- _SOURCE RECORDS_
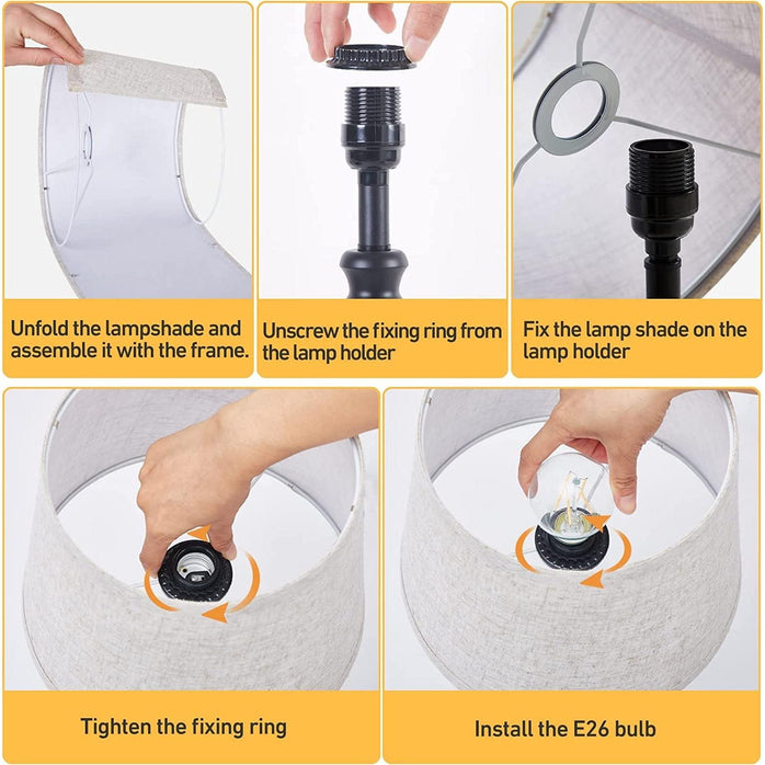 2 USB Fast Charging PortsTwo USB ports with a 5V/2.1A output allows you to fast charge your smartphones, tablets, power banks, kindle readers or any other usb powered devices with ease. | High-quality Design Home ImprovementOur dimmbale living room lamp sets designed with made-to-last exquisite linen lampshade, anti-rust metal finishing. We specially add some weight in the lamp base to avoid knocking the lamp off by children or pets. Standard E26 socket matches perfectly with the LED Edison bulb that comes with the package. | Free 2 LED Bulb IncludedFor your convenience, we offered two energy-saving LED bulbs for free, you don't need to buy bulbs separately. The energy-saving E26 LED Bulbs, giving off a stable and soft illumination for your home. 60W 2700K warm white light equivalent bulbs can help you save at least 90% energy bills in the daily. Moreover, no flickering light or buzzing prevents eye fatigue and provides a comfortable,stress-free atmosphere. |
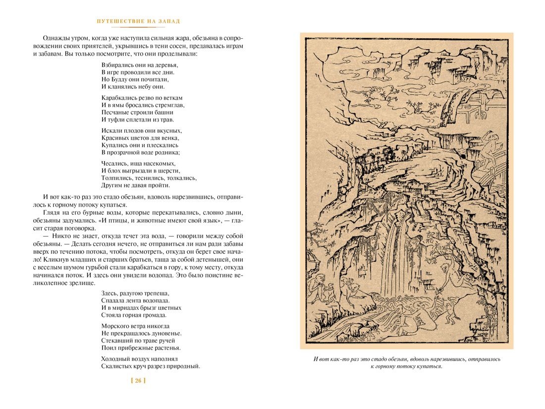 Легендарный роман «Путешествие на Запад» — одно из самых известных классических произведений китайской литературы. Нет числа экранизациям, театральным постановкам, видеоиграм, аниме-сериалам и разнообразным версиям этой книги. О его влиянии на культуру Востока и Запада можно написать отдельный том, который ненамного уступит по объему оригинальному произведению. В основу романа легли предания о путешествии китайского монаха Сюань-цзана и Царя обезьян Сунь У-куна в Индию за священными книгами. Какие только невероятные приключения не переживают герои! Они сражаются с демонами и небесными силами, обдуряют драконов и злых духов, попадают на небеса и под землю, преодолевают самые ужасные ловушки и препятствия. При этом книга является бесценным источником знаний о Древнем Китае: читатель знакомится с жизнью и бытом императоров, сановников, полководцев, монахов, ремесленников, подробно узнаёт о флоре и фауне и, конечно, о многочисленных духах, божествах и демонах, населявших в ту пору каждый уголок Поднебесной. Текст печатается в полном объеме по четырехтомнику, выпущенному в 1959 году Государственным издательством художественной литературы, и сопровождается (впервые в России!) полным комплектом (200 гравюр!) оригинальных иллюстраций двух художников, живших в эпоху династии Мин.
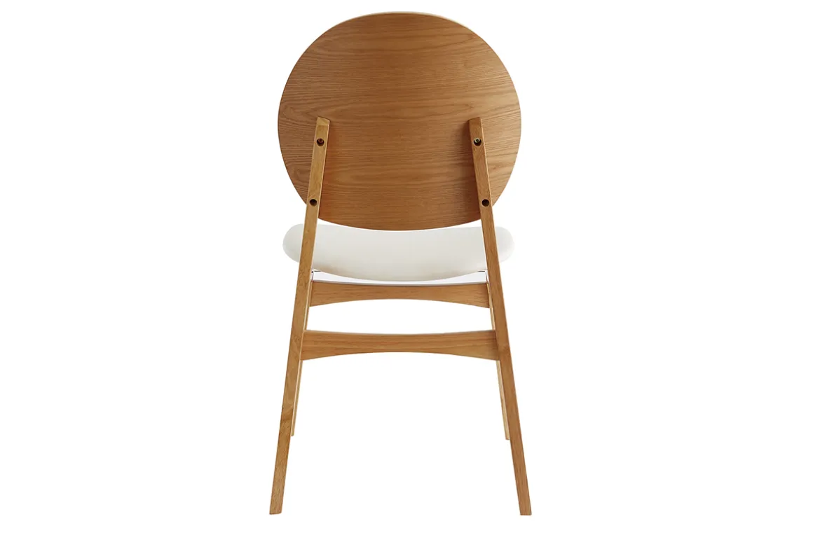 Pour créer un ensemble graphique, ces chaises blanches et bois clair seront du plus bel effet autour d’une table à manger ronde.
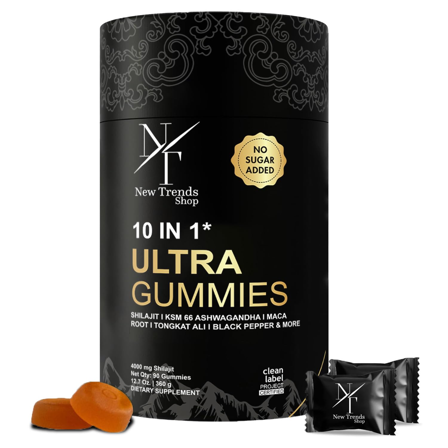 Experience the power of ancient wellness in a modern form with New Trends Shop 10-in-1 Ultra Shilajit Gummies. Each serving delivers a potent 4000 mg blend of pure Shilajit, Tongkat Ali, Maca Root, and 75 Fulvic Acid, designed to support energy, stamina, and overall vitality. These sugar-free, vegan-friendly gummies are packed with 85 trace minerals, making them a convenient and delicious way to nourish your body and mind. Whether you're looking to boost performance, balance hormones, or enhance daily wellness, this 90-count pack offers a clean, plant-based solution backed by nature and crafted for modern lifestyles.- Delicious Convenient – No more bitter powders or messy tinctures. Just pop a tasty gummy and go! 90-count bottle provides a full 45-day supply. Brain Immune Boost – With 85 trace minerals and fulvic acid, these gummies support cognitive clarity, immune defense, and cellular health. ? Natural Energy Hormonal Support – Adaptogenic herbs help balance hormones, support endurance, focus, and recovery. Sugar-Free Vegan Friendly – Enjoy clean, plant-based energy with zero sugar, artificial sweeteners, or animal-derived ingredients. Perfect for keto, vegan, and low-carb lifestyles. 4000mg Ultra-Potent Shilajit Blend – Packed with Pure Shilajit, Tongkat Ali, Maca Root, and 75 Fulvic Acid for maximum vitality, stamina, and performance.
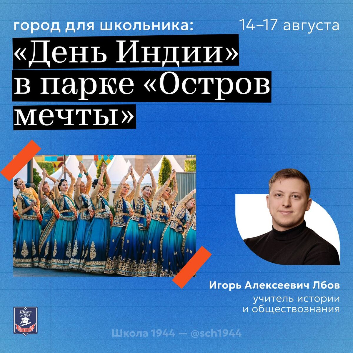 🇮🇳 Фестиваль «День Индии» в Москве! С 14 по 17 августа в парке «Остров мечты» пройдёт десятый ежегодный фестиваль «День Индии» — праздник красок, вкусов и традиций! Подробности рассказывает наш учитель истории и обществознания Игорь Алексеевич Лбов. 🙌 Что будет в программе? — уроки йоги и аюрведы от профессионалов; — холи: танцы и море ярких красок; — шахматный чемпионат для детей и взрослых; — кулинарные мастер-классы; — новые фильмы каждый день; — праздники Джанмаштами и Ратха-ятра. А ещё в эти дни пройдёт ярмарка товаров ручной работы и конкурс рисунков для школьников. Специальные гости 🙀 — советник Президента России Антон Кобяков; — директор Департамента информации и печати МИДа России Мария Захарова; — гендиректор информационного агентства «Россия сегодня»Дмитрий Киселёв. 📍 Где: парк «Остров мечты». 📅 Когда: 14–17 августа. Вход свободный! 🫰 #ДОНМ #НашиЛица

- _REQUIRED WORK_
Quote the preceding listing precisely and completely, omitting its images.

- _EXERCISE RESULT_
 2 USB Fast Charging PortsTwo USB ports with a 5V/2.1A output allows you to fast charge your smartphones, tablets, power banks, kindle readers or any other usb powered devices with ease. | High-quality Design Home ImprovementOur dimmbale living room lamp sets designed with made-to-last exquisite linen lampshade, anti-rust metal finishing. We specially add some weight in the lamp base to avoid knocking the lamp off by children or pets. Standard E26 socket matches perfectly with the LED Edison bulb that comes with the package. | Free 2 LED Bulb IncludedFor your convenience, we offered two energy-saving LED bulbs for free, you don't need to buy bulbs separately. The energy-saving E26 LED Bulbs, giving off a stable and soft illumination for your home. 60W 2700K warm white light equivalent bulbs can help you save at least 90% energy bills in the daily. Moreover, no flickering light or buzzing prevents eye fatigue and provides a comfortable,stress-free atmosphere. |
 Легендарный роман «Путешествие на Запад» — одно из самых известных классических произведений китайской литературы. Нет числа экранизациям, театральным постановкам, видеоиграм, аниме-сериалам и разнообразным версиям этой книги. О его влиянии на культуру Востока и Запада можно написать отдельный том, который ненамного уступит по объему оригинальному произведению. В основу романа легли предания о путешествии китайского монаха Сюань-цзана и Царя обезьян Сунь У-куна в Индию за священными книгами. Какие только невероятные приключения не переживают герои! Они сражаются с демонами и небесными силами, обдуряют драконов и злых духов, попадают на небеса и под землю, преодолевают самые ужасные ловушки и препятствия. При этом книга является бесценным источником знаний о Древнем Китае: читатель знакомится с жизнью и бытом императоров, сановников, полководцев, монахов, ремесленников, подробно узнаёт о флоре и фауне и, конечно, о многочисленных духах, божествах и демонах, населявших в ту пору каждый уголок Поднебесной. Текст печатается в полном объеме по четырехтомнику, выпущенному в 1959 году Государственным издательством художественной литературы, и сопровождается (впервые в России!) полным комплектом (200 гравюр!) оригинальных иллюстраций двух художников, живших в эпоху династии Мин.
 Pour créer un ensemble graphique, ces chaises blanches et bois clair seront du plus bel effet autour d’une table à manger ronde.
 Experience the power of ancient wellness in a modern form with New Trends Shop 10-in-1 Ultra Shilajit Gummies. Each serving delivers a potent 4000 mg blend of pure Shilajit, Tongkat Ali, Maca Root, and 75 Fulvic Acid, designed to support energy, stamina, and overall vitality. These sugar-free, vegan-friendly gummies are packed with 85 trace minerals, making them a convenient and delicious way to nourish your body and mind. Whether you're looking to boost performance, balance hormones, or enhance daily wellness, this 90-count pack offers a clean, plant-based solution backed by nature and crafted for modern lifestyles.- Delicious Convenient – No more bitter powders or messy tinctures. Just pop a tasty gummy and go! 90-count bottle provides a full 45-day supply. Brain Immune Boost – With 85 trace minerals and fulvic acid, these gummies support cognitive clarity, immune defense, and cellular health. ? Natural Energy Hormonal Support – Adaptogenic herbs help balance hormones, support endurance, focus, and recovery. Sugar-Free Vegan Friendly – Enjoy clean, plant-based energy with zero sugar, artificial sweeteners, or animal-derived ingredients. Perfect for keto, vegan, and low-carb lifestyles. 4000mg Ultra-Potent Shilajit Blend – Packed with Pure Shilajit, Tongkat Ali, Maca Root, and 75 Fulvic Acid for maximum vitality, stamina, and performance.
 🇮🇳 Фестиваль «День Индии» в Москве! С 14 по 17 августа в парке «Остров мечты» пройдёт десятый ежегодный фестиваль «День Индии» — праздник красок, вкусов и традиций! Подробности рассказывает наш учитель истории и обществознания Игорь Алексеевич Лбов. 🙌 Что будет в программе? — уроки йоги и аюрведы от профессионалов; — холи: танцы и море ярких красок; — шахматный чемпионат для детей и взрослых; — кулинарные мастер-классы; — новые фильмы каждый день; — праздники Джанмаштами и Ратха-ятра. А ещё в эти дни пройдёт ярмарка товаров ручной работы и конкурс рисунков для школьников. Специальные гости 🙀 — советник Президента России Антон Кобяков; — директор Департамента информации и печати МИДа России Мария Захарова; — гендиректор информационного агентства «Россия сегодня»Дмитрий Киселёв. 📍 Где: парк «Остров мечты». 📅 Когда: 14–17 августа. Вход свободный! 🫰 #ДОНМ #НашиЛица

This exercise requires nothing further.